Menu

Chair's Message

Camille Clare

Camille A. Clare, MD, MPH, CPE, FACOG
Chair, SUNY-Downstate Health Sciences University

Professor, College of Medicine & School of Public Health
Department of Obstetrics and Gynecology

The Obstetrics and Gynecology residency training program at SUNY Downstate has a long and storied history. The department was founded in 1860 as "German General Dispensary," and subsequently underwent several name changes before becoming the State University of New York (SUNY) at Downstate in 1950. The residency began in 1953 making it one of the oldest programs in the country. It also had the first Gynecologic Oncology Fellowship Program and the first School of Midwifery. Williams' Obstetrics, Editions 12, 13, and 14, were edited at SUNY Downstate.

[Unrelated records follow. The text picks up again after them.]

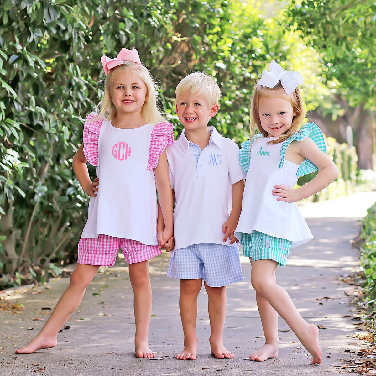 Embrace the enchantment of sunny days with our Pastel Blue Gingham Polo Short Set, the perfect outfit for all your spring and summer adventures. The charming white polo is coordinated with playful blue gingham shorts, creating a delightful outfit. For a personalized touch, add a monogram! It's the ideal choice for a season of delightful moments.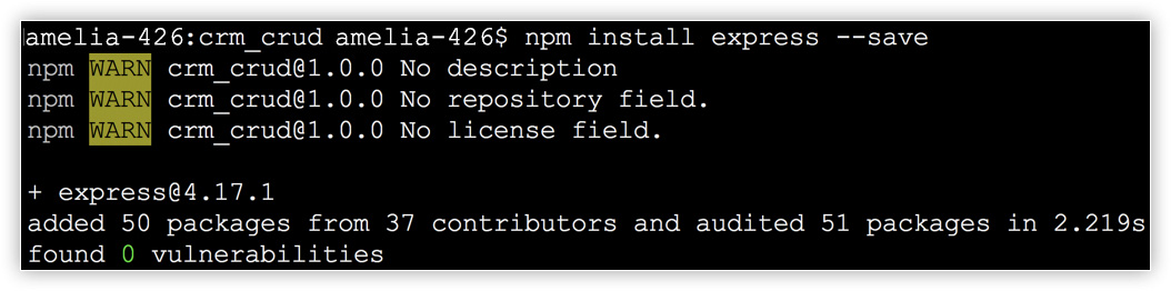 To install Express.js, navigate to the Node function's directory (functions/crm_crud) in your terminal and execute the following command:
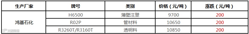 鸿基石化PP价格上涨200元/吨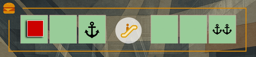 Wieviele Food Court – Theken es in der Mall gibt, wird durch den Marker auf der Food Court – Leiste angezeigt, der mit jeder Theke um ein Feld nach rechts verschoben wird. Das Feld mit der Fahrtreppe wird dabei übersprungen und bleibt somit unberücksichtigt.

Alumni of the department have gone on from Downstate to assume leadership positions throughout the country, including everywhere from Harvard, Cornell, Hopkins and Columbia to UCLA. The faculty at SUNY is committed to training the next generation of academic leaders and expert clinicians in all aspects of women’s health care.

The department has dual lodestones; pedagogic and clinical. From the teaching perspective our goal is to meld exposure to the highest risk patients with immersion in the knowledge that undergirds clinical excellence. As Osler famously said, “He who studies medicine without books sails an uncharted sea, but he who studies medicine without patients does not go to sea at all.” Downstate is a roiling sea with a 21stcentury navigation system. Our second north star is the recognition that we are a mission hospital. The reality of disparities in obstetrical outcomes in the United States is well known. Paul Farmer challenged physicians by noting that, “Excellence without equity looms as the chief human-rights dilemma of health care in the 21st century.” In the battle to provide both excellence and equity Downstate is the tip of the spear. The job of all providers at the University-- faculty, residents and fellows-- is to prove the highest in quality care, and to be cognizant of the factors beyond medications that advantage or disadvantage women.

To achieve these goals we have devised a curriculum that is encompassing, and we provide adequate time for our 24 residents to master its content. We also have a clinical experience at our two sites (SUNY Downstate and its sister institution Kings County Hospital directly across the street), that gives residents the breadth of exposure that will allow them to graduate with a confidence that is bred from experience. Kings County is a city hospital (part of the H&H system) that has been a vital part of our training program for several generations. It has its own valued history, dating back to when Walter Reed did his internship, and Leon Chesley, the father of hypertension in pregnancy had his lab on the antepartum floor. We are enthusiastic about our future, and are looking for individuals who want to share in this exciting opportunity to be both great and good.